Brown finds Stud drinking by himself in the Flamingo Hotel bar with the game on the radio in the background. The two try to talk each other into breaking their deals and playing for the Stogies.

“It shouldn’t matter what color a fellas skin is,” laments Cantrell. “You just go out there with a bat in your hands, you hit the ball, and you run like hell. That’s all. It’s just a shame.”

Brown knows the Klan could kill him if he plays, but he decides to anyway.

Bottom of the Ninth

Stud and Brown show up to Tampico Stadium, with the Stogies trailing late in the game. Brown tells the announcer to use his real name instead of Jose Brown. When Brown takes his first at bat, Dothan plans to intentionally walk him. Brown steps over the plate and lunges at one of the balls. He hits a home run to tie the game.

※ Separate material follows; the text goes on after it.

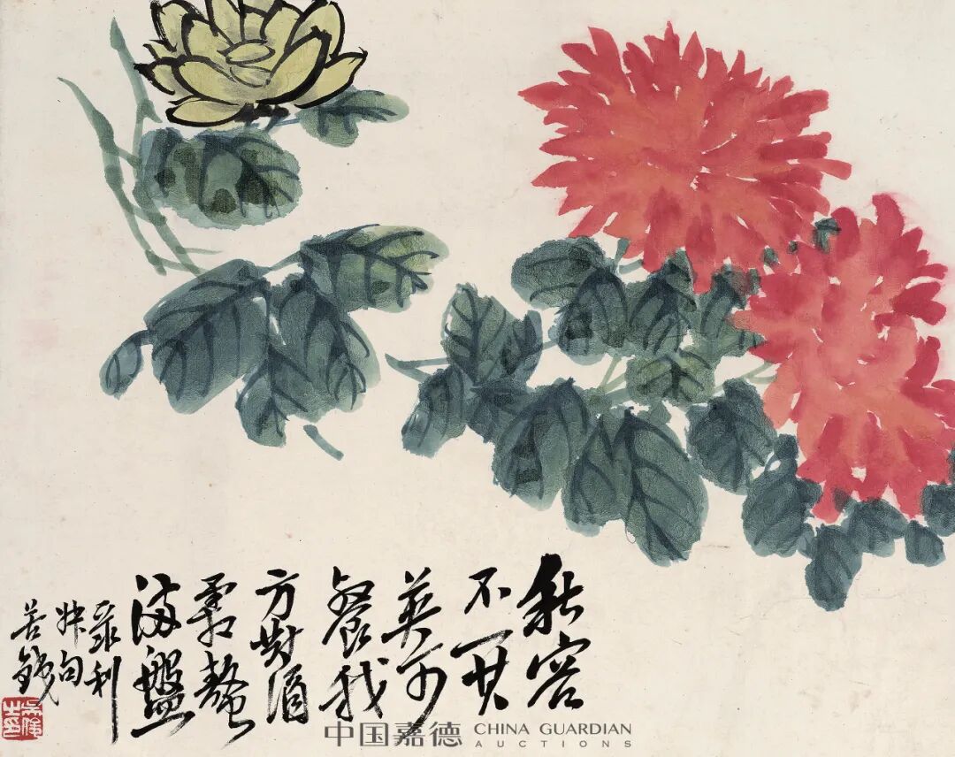 (二)小凤招邀下碧城,仙乎幻作此花身。草堂近日饶秋兴,细碎闲花为写真。录井南老人句。昌硕。
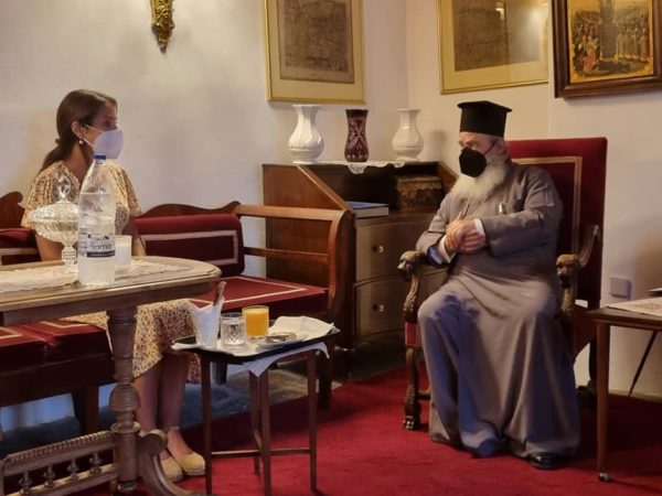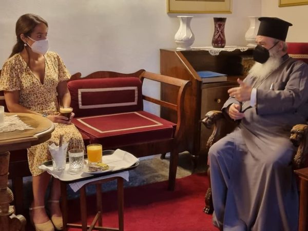 Ο Σεβασμιώτατος Μητροπολίτης Ύδρας, Σπετσών, Αιγίνης κ.Εφραίμ δέχθηκε το απόγευμα της Τετάρτης, 17ης Αυγούστου 2022, στο Αρχονταρίκι του Ι.Καθεδρικού Ναού Ύδρας την Υφυπουργό Εργασίας και Κοινωνικών Υποθέσεων Δόμνα Μιχαηλίδου.

The Stogies continue the rally and load the bases for Stud. Dothan counters by bringing in Dusty Hoolihan, a pitcher who dominated Cantrell over the years. Stud, a lifetime 2-for-68 against Hoolihan, has no choice but to talk smack. Hoolihan thinks Cantrell had sexual relations with his sister. When Stud brings up the incident, he loses control. Hoolihan beans Stud in the head. A groggy Stud opens his eyes and wobbles to first base. The run scores and the Stogies win the pennant.

The final scene is a double wedding at Tampico Stadium with a preacher standing at home plate. Stud Cantrell and Dixie Lee Boxx finally settle down, while Jamie Don Weeks and Esther have a shotgun wedding.

Did You Know?

Class D ball back in the late 1950s was the lowest class in minor league baseball, or Class A. Today’s equivalent for the Alabama-Florida League would be rookie ball in the Gulf Coast League.

Teller from Penn and Teller fame appears in the film as the team owner’s son. Part of the Penn and Tell shtick involves a silent Teller. If you ever wondered what his voice sounded like, then you’ll have to find a copy.

The Stogies’ winning streak appears as a montage intercut with the spiritual “I Don’t Believe He Brought Me This Far (To Leave Me)” performed by Brown’s church choir.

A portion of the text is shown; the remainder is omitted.